Of the 47 three-year-olds who had their cardiac functioning checked, 29 had been exposed to chemotherapy, but compared to the control group of children, there were no differences or abnormalities.
In 2011, Prof Amant reported results of 70 children born after being exposed to cancer treatment, and this latest report is a continuation of this work. However, now the researchers have a control group of children against which to compare the development of the study children. "We did not have this comparison before. In addition, we have included children born to mothers who had surgery alone, or a diagnosis but no treatment. These latest results are again reassuring, but given that we have a larger group of children and the comparison with the control group, the current data are much more robust," he said.

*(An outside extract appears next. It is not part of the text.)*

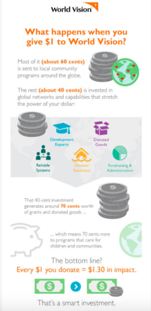 World Vision is a nonprofit who consistently gets this right. Below is an example of effective use of imagery to clarify the financial breakdown of child sponsorship.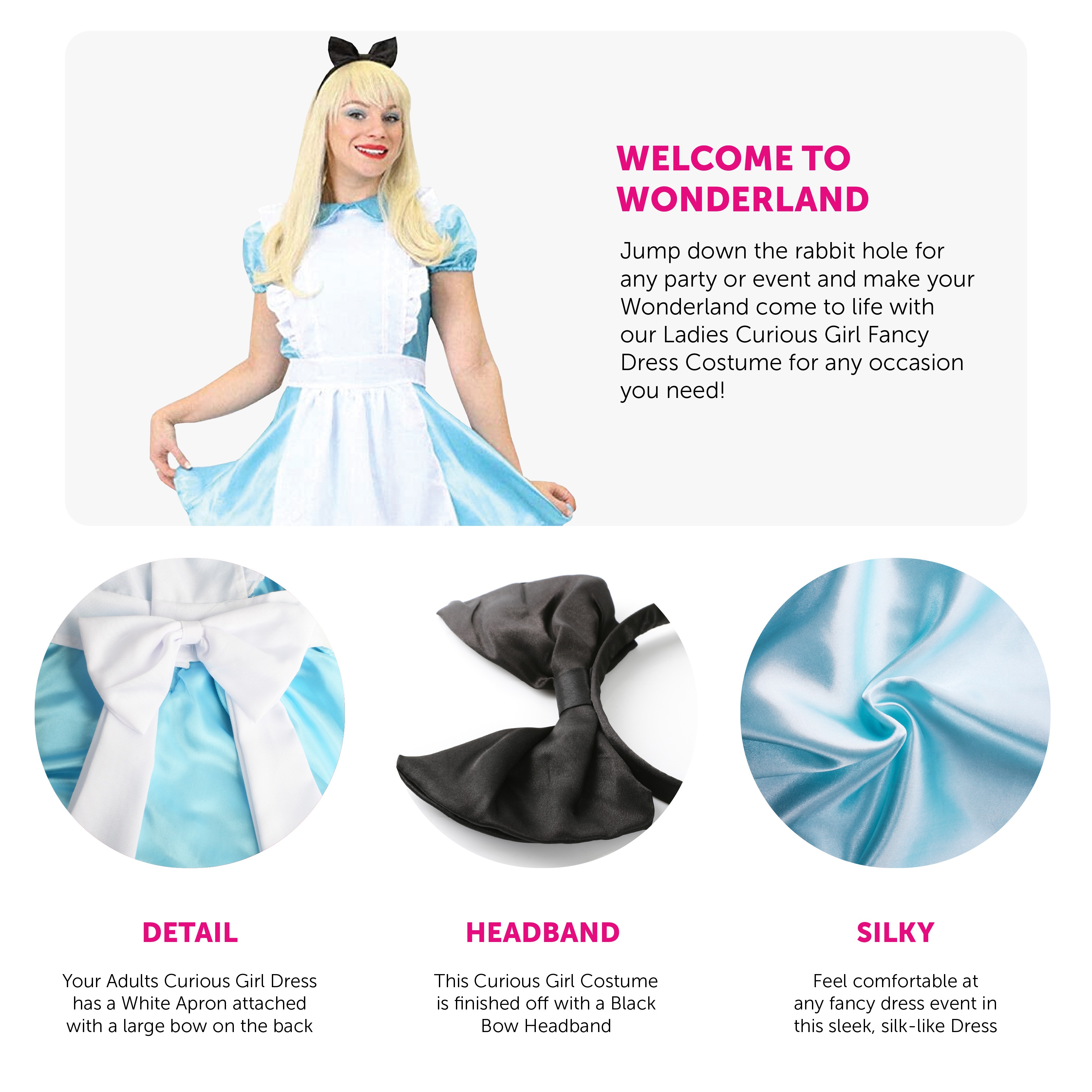 Jump down the rabbit hole for any party or event and make your Wonderland come to life with our Ladies Curious Girl Costume for any occasion you need! Inspired by the classic tale of Alice's Adventures in Wonderland, this timeless outfit is perfect for World Book Day, themed parties, and fancy dress events.

However, he warned that the results had some limitations. "Our data include many types of chemotherapy, but we cannot guarantee that all types of chemotherapy are safe.
"We need to look at larger numbers of children and larger numbers exposed to each drug in order to be able to document the potential effects of individual drugs. In addition, we cannot extrapolate to newer drugs, including targeted drugs. We need longer follow-up to see if there are any long-term toxic effects in cases where cisplatin was administered before birth. For these reasons we will continue to follow these children until the age of 18 years and we will enlarge the group. This will allow us to document longer-term effects and to draw conclusions for specific drugs. In addition we will investigate to what extent anti-cancer drugs are diluted in the body during pregnancy, and also at the psycho-emotional needs of mothers and their partners."
The mothers with cancer were recruited into the study from the International Network on Cancer, Infertility and Pregnancy registry; they were registered between 2001 and 2014 at the time of their cancer diagnosis. All study children were seen between 2005 and 2015. The control children, because they needed to be matched to the study children, were recruited and examined between 2012 and 2015.
Professor Peter Naredi, the ECCO scientific co-chair of the Congress, who was not involved in the research, commented: "These latest results should be reassuring for pregnant women who have been diagnosed with cancer and who will, naturally, be worrying about the best course of action not only for themselves but for their unborn child. While further follow-up of these children is required, the important message at this stage seems to be that doctors should not only start cancer treatment immediately, but should also try to maintain the pregnancy to as near full term as possible."